With entrees on the horizon, you’ll need help narrowing down the long list of pastas and proteins, listed as primi (first course) and secondi (second course). Pay no mind to these categories. Pastas are generously sized and not available in half portions, so unless you’re dining with a teenage boy, you’ll want to pick one or the other. What a difference it would make if Spatola himself would amble from the kitchen into the dining room, giving advice on what’s good tonight, talking up the Sicilian specialties and steering you to the right wine for whatever you end up choosing. Instead, you ask the server for advice but he’s already walked away, as if waiting tables were a new experience and he doesn’t quite have his sea legs. Another might tell you that “everything here is good,” a white lie if there ever was one. Chefs are always tweaking something; good servers will let you know what stands out and what to avoid. This is especially true at this restaurant, where in recent weeks, Spatola — a baker at heart — has been spending less and less time in the kitchen, much less the front of the house interacting with guests.

Depending on the night, you might end up with a fine plate of pappardelle alla Bolognese, more Americanized than the nearly tomato-less sauce that originated in Bologna, but pleasantly wine-forward all the same. Pasta al forno is appealing, too, with creamy pockets of ricotta, mozzarella and béchamel tucked beneath a mound of penne. Caponata, a chunky tomato-eggplant side dish, would make a great vegetarian entree if paired with polenta, though the rules would have to be bent a little, polenta being more Northern than Southern Italian. A cannolo, with chocolate chips studded on the ends and a crackly shell, makes a good finish to any meal.

But servers should know, or be willing to check, which pastries are in the display case; it’s a shame to spot something delicious on the way out the door. And that could be after a dinner featuring a tough piece of swordfish, or burrata with hard tomatoes — a crime in peak tomato season. Elsewhere, sauces, whether on veal piccata or gnocchi, might be thick and uninspired, or wildly over- or under-salted. And a Siciliana salad sounds like the essence of the island, with oranges, fennel and bottarga (cured fish roe) — but the lone slice of citrus looks like a garnish you’d find on the rim of a glass, and the fennel and bottarga are somewhere else, presumably in the kitchen.

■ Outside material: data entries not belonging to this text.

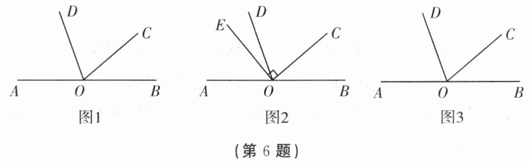 6. 如图1,点$A$,$O$,$B$在同一条直线上,$∠BOC=40^{\circ}$,$OD$平分$∠AOC$。从点$O$出发画一条射线$OE$,使得$∠COE=90^{\circ}$。请画出满足条件的射线$OE$,并求出$∠DOE$的度数。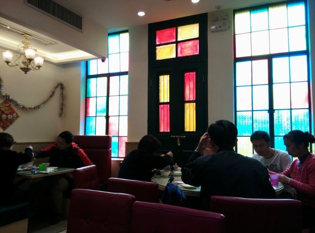 在北京路附近,看到这家店有团购,110元的充值卡卖95元,现在还可以再优惠20元,想着两个人吃基本够了,虽然觉得一般茶餐厅的出品不会有什么惊喜,但懒得想吃什么,所以就团了。这家门面不大,中午1点左右已经基本满座,我们在一楼找不到位置,就向上走,一直到了4楼才找到一张大桌,想不到这一整栋楼都被租了。餐厅里到处都是香港特色的布置,霓虹招牌、香港路牌、古惑仔等港产片的海报、彩色玻璃窗等,当然少不了茶餐厅经典的卡座,让人有种置身旺角的感觉。看了菜牌才发现,其实这里不是正宗的茶餐厅,因为除了粉面饭外,其余都是酒楼的炒菜菜式,款式倒挺多,什么粤菜、东南亚菜、刺身等等,甚至连鲍鱼都有,不过价格也不便宜哦,基本在4字头以上。因为我们只有2个人,按着110块左右的价格,只点了两个菜和一个饭。- 炒花甲:我比较喜欢吃贝壳类的海鲜,不过之前在别的地方点花甲有种被坑的感觉,空壳、死花甲占了一半以上,所以点这个菜的时候也有点犹豫,还好上菜后没有太失望,虽然空壳不少,但本身花甲分量比较多,所以肉还是挺多的,虽然不是很大颗,炒得挺爽口,酱汁有点辣,挺开胃的,30多块算是挺划算的。- 双芥牛仔骨:其实就是芥兰炒牛仔骨,正纳闷双芥的另外一芥是什么,结果一吃就知道答案了,原来是芥末,不过放的量不多,只是有点味道,不会很呛,芥兰很爽脆,牛仔骨肉很嫩,一咬就断,但也有嚼头,这个搭配挺新鲜的,但肉只有几块,有点小贵。- 生炒牛肉饭:有牛肉碎、鸡蛋和包心菜,饭粒是金黄色的,不会粘在一起,应该加了点咖喱,不过炒的时间不长,饭不是很热,加上里面开了空调,凉了就比较硬。人均消费40左右,比起茶餐厅要贵一点,出品也算可以,但总觉得太刻意着重环境,食物跟正宗的港式茶餐厅还是有点距离,款式太多太杂,不能专注茶餐厅的传统味道,又没有什么特色菜或招牌菜,属于路过随便吃吃的餐厅。…查看更多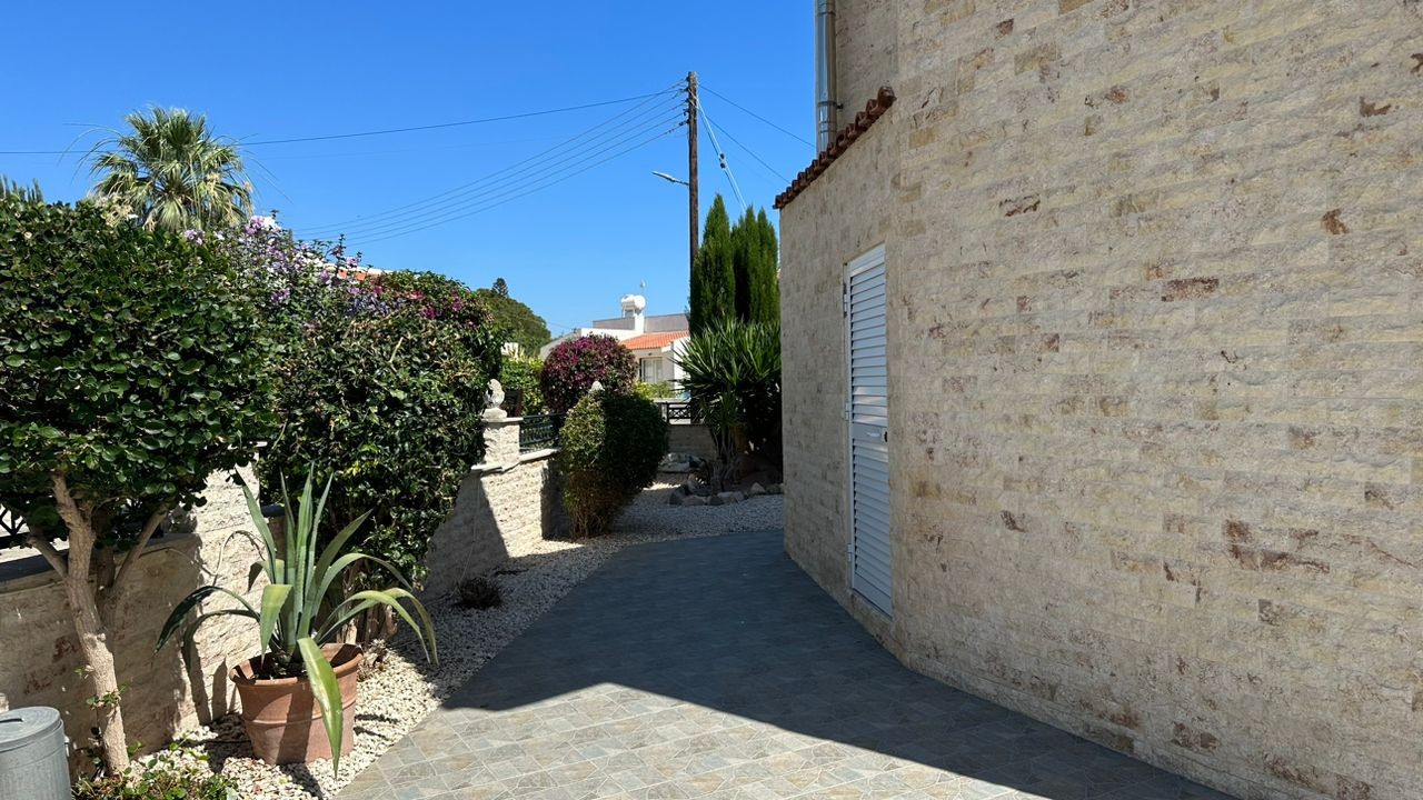 For sale A beautifully designed and very spacious 3 bedroom (plus study room) luxurious and elegant, detached two-storey villa, built in an area of unique natural beauty in the picturesque town of Peyia. Erected at a cul-de-sac and situated between two streams with exceptional vegetation, the property is perfectly secluded and offers full privacy. The famous Coral Bay beach is only 3 minutes away and Peyia town shops and facilities within walking distance.
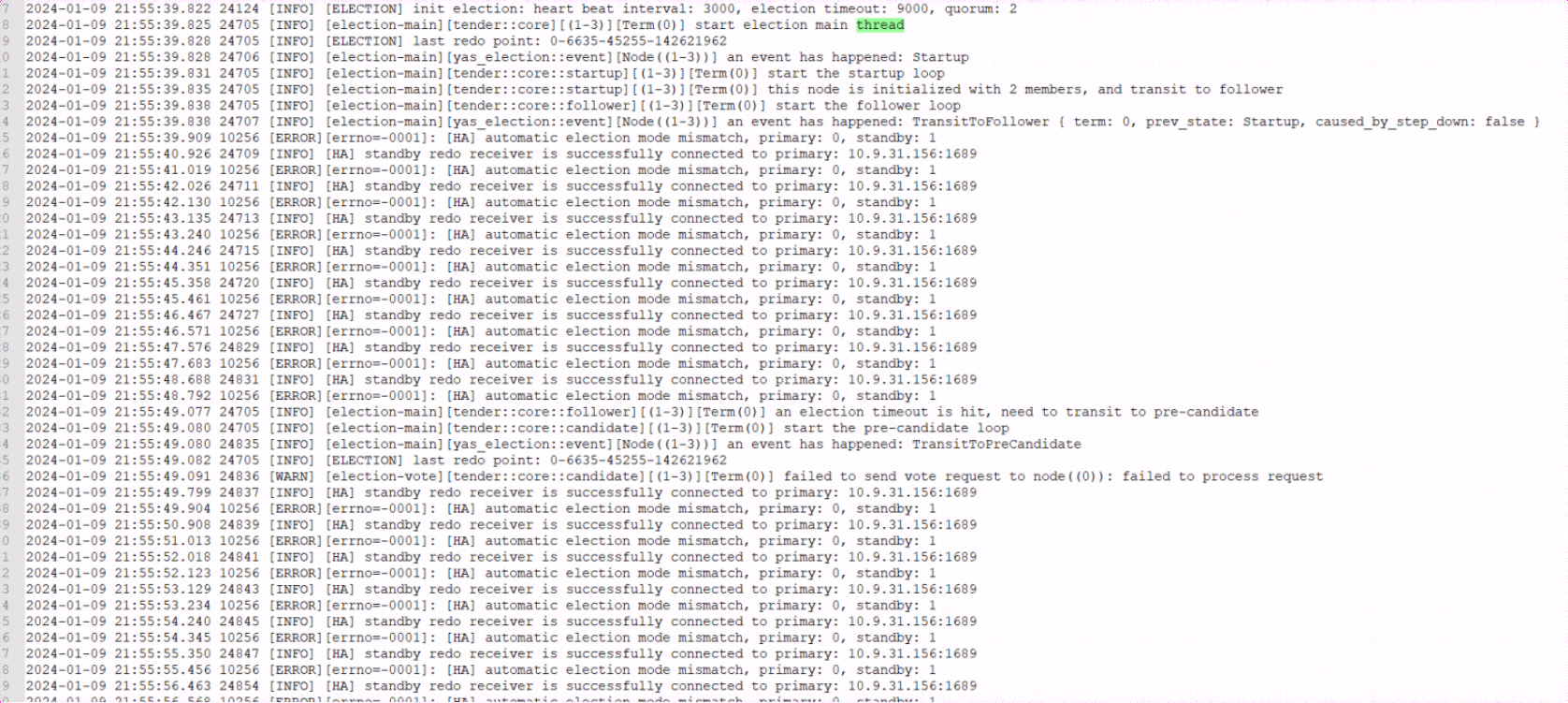 1、检查数据库日志,从run.log,可以看到数据库一直在做选举,且选举失败,主备状态一直异常。怀疑是选举参数配置有问题。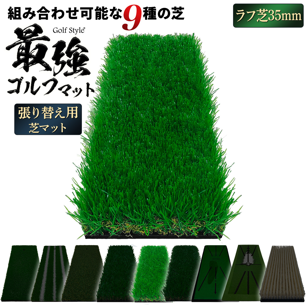 ゴルフマット 張り替え 芝のみ ゴルフ 練習 マット カスタマイズ 持ち運び ゴムマット 素振り ドライバー アイアン スイング 練習用 17×45cm (単品/35mmラフ芝)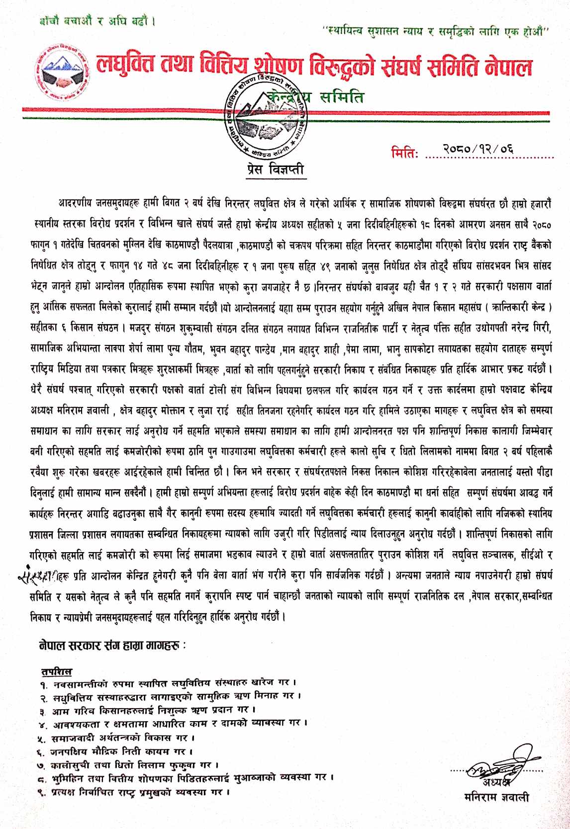संघर्ष समितिले लघुवित्त संस्था खारेज, संस्थाहरुद्धारा लगाइएको सामुहिक ऋण मिनाह, गरिब किसानहरुलाई निःशुल्क ऋण प्रदान, कालोसूची तथा धितो लिलाम फुकुवाको माग गरी आन्दोलित छन् ।
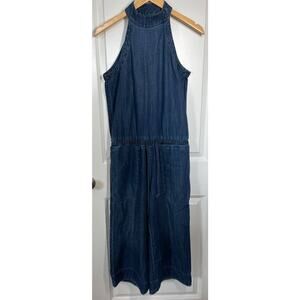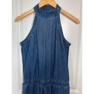 Anthropologie Cloth & Stone Bella Dahl Chambray Denim Halter Jumpsuit Womens Size XS Wide Leg Crop Frayed Pockets Side Zip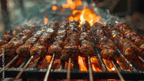 A charcoal grill with juicy shashlik cooking on skewers. The bright glow of the coals contrasts with the smoky, savory aroma of the grilling meat.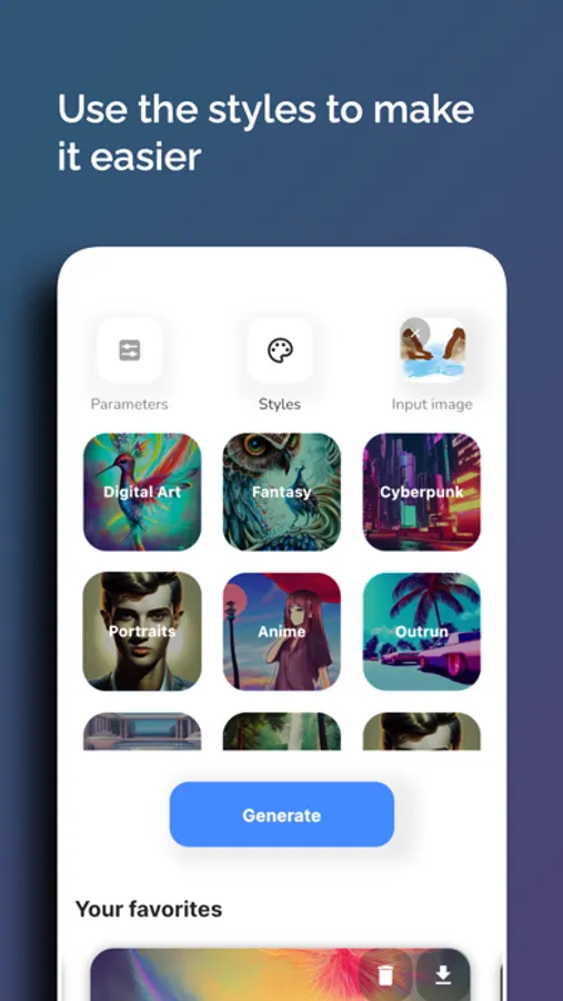 If you need inspiration for your next creation, need to make a quick sketch for your art project, or you simply want to have some fun, ImmaginAI can help you with that. You can also easily store and download your favorite creations.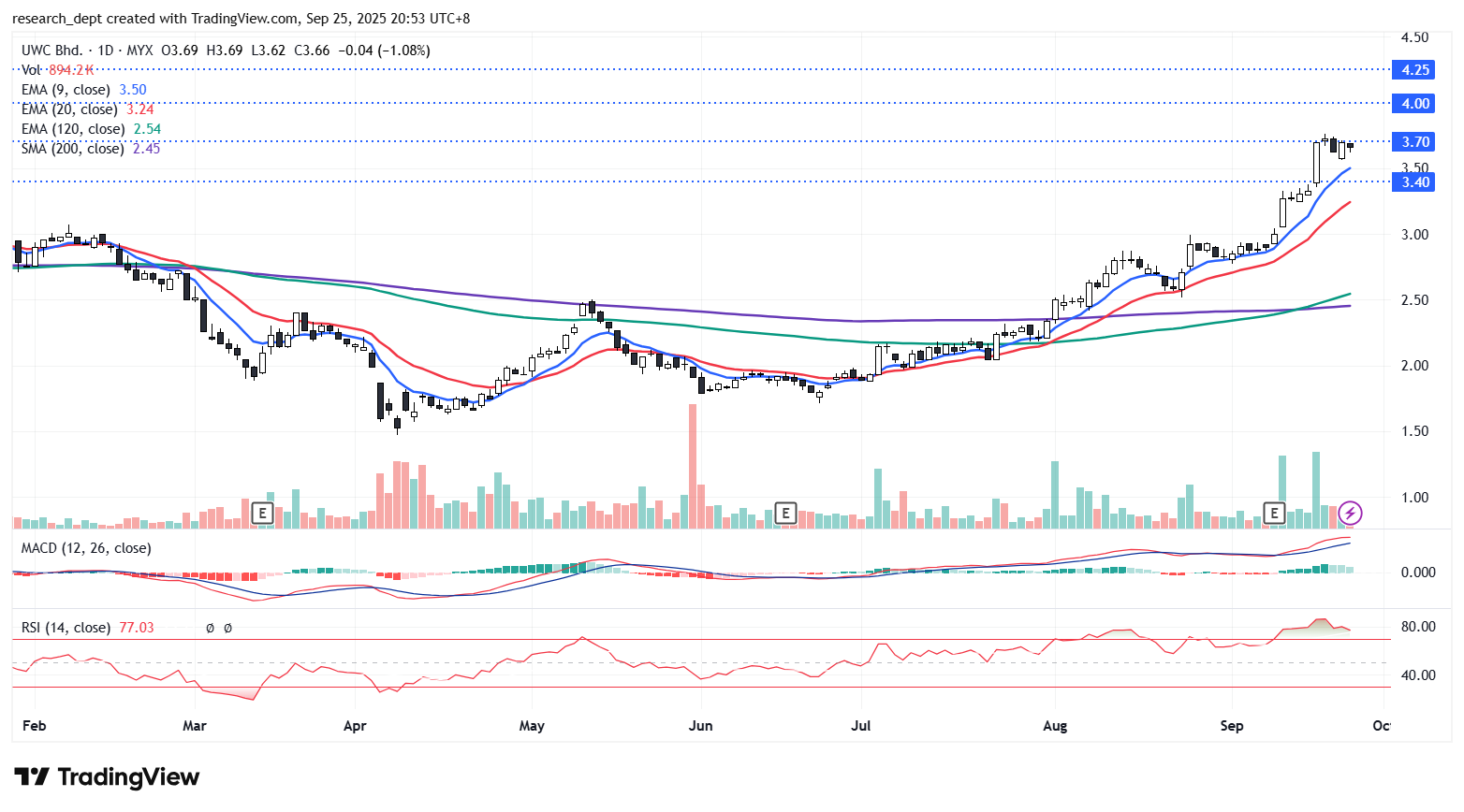 The stock bottomed out after forming an inverted head-and-shoulders pattern in early June, before regaining momentum to establish a new uptrend. It has since carved out a sequence of higher highs and higher lows, reinforcing the trend reversal. A breakout above RM3.70 would open scope for further upside toward the RM4.00–RM4.25 resistance zone. On the downside, immediate support is envisaged at RM3.40.
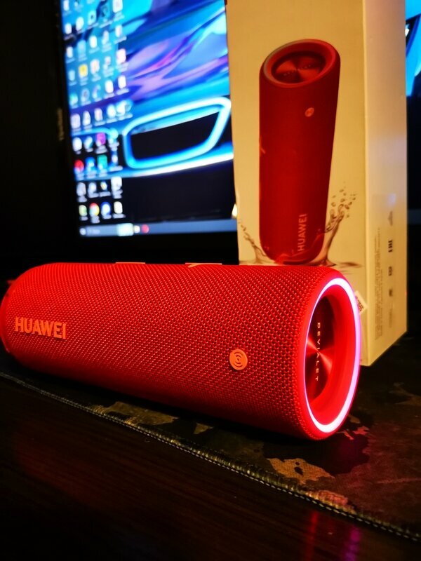 | Отзыв: | На первый взгляд это обычная портативная колонка, но вы посмотрите, насколько она технологически наворочена. Справа и слева можно заметить пассивные излучатели. На лицевой стороне есть объемная резиновая надпись HUAWEI, а справа значок NFC. Световые эффекты дают нам понять, что на колонке происходит: воспроизведение музыки, голосовой вызов или включен режим стерео. Меняются цвета. А еще в колонку встроили три микрофона для работы в режиме гарнитуры или громкой связи. |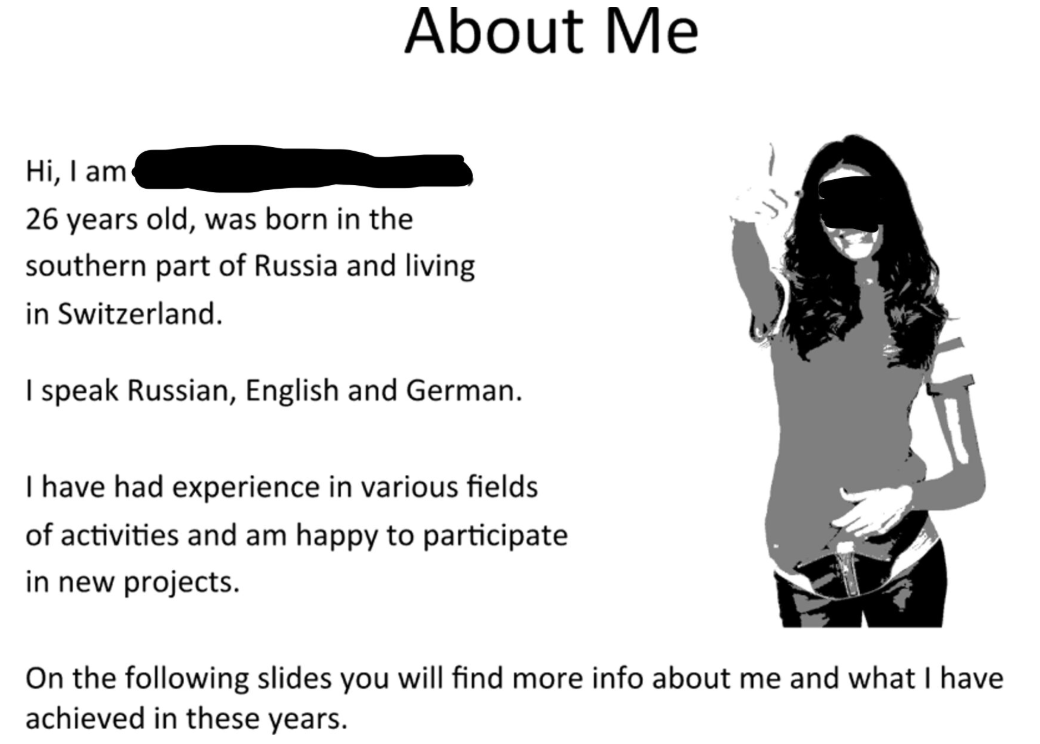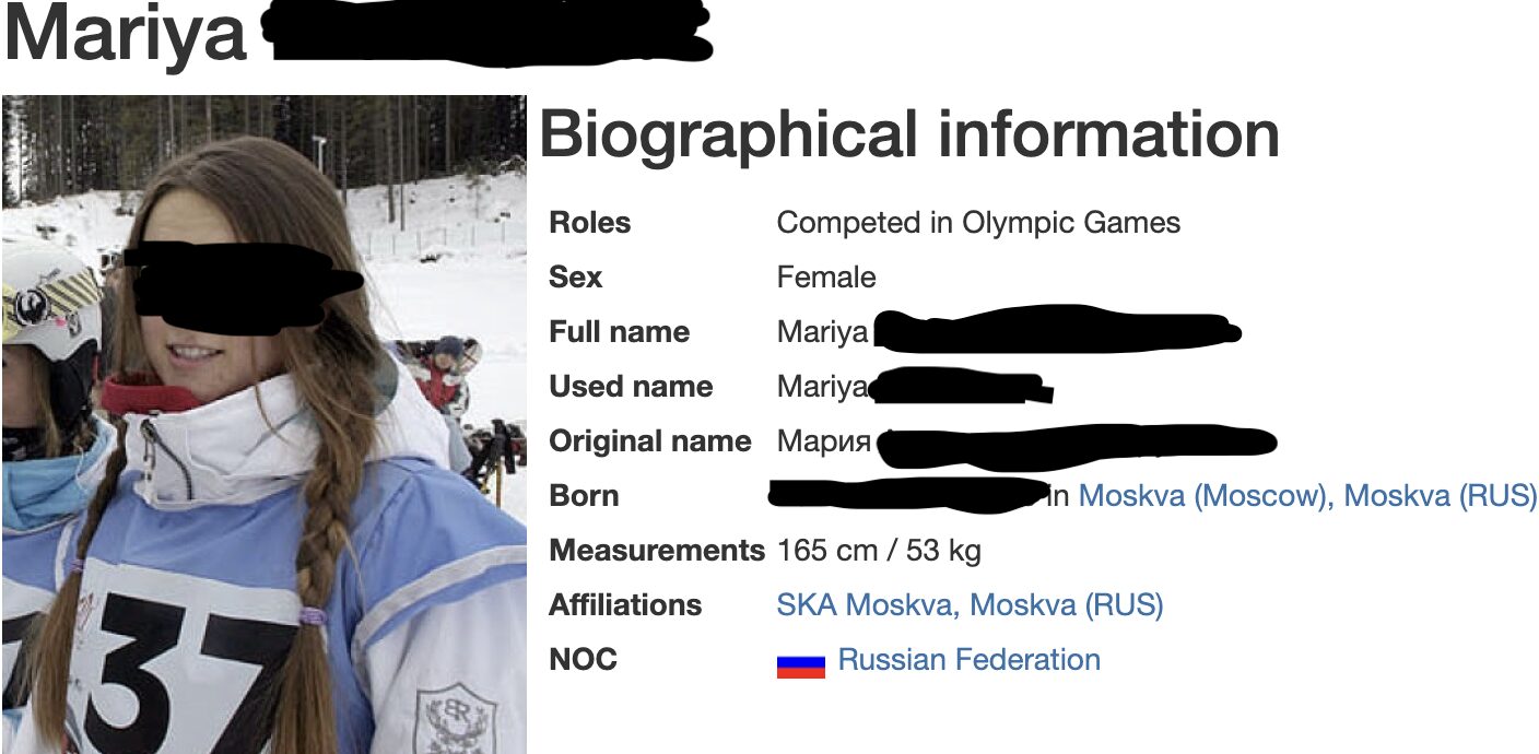 Bei der Vermittlerin handelt es sich um eine ehemalige russische Snowboard-Fahrerin. Sie nahm für ihr Heimatland an den Olympischen Spielen 2006 in Turin teil.

Which is where Spatola needs to be more often, working with staff in both the front and back of the house. More training might work wonders for his namesake restaurant, like a good night’s sleep after a jet-lagged visit to the ristorante of your dreams.


Spatola Ristorante & Wine Bar
3434 West 32nd Avenue
303-477-4820

Burrata $10
Arancini $12
Siciliana salad $12
Pappardelle alla Bolognese $18
Pasta al forno $16
Gnocchi $15
Veal piccata $20
Pesce spada e salmoriglio $22
Cannoli $5

Spatola is open from 11 a.m. to 9 p.m. Tuesday through Saturday, and noon to 8 p.m. Sunday. Find out more at spatolarestaurant.com.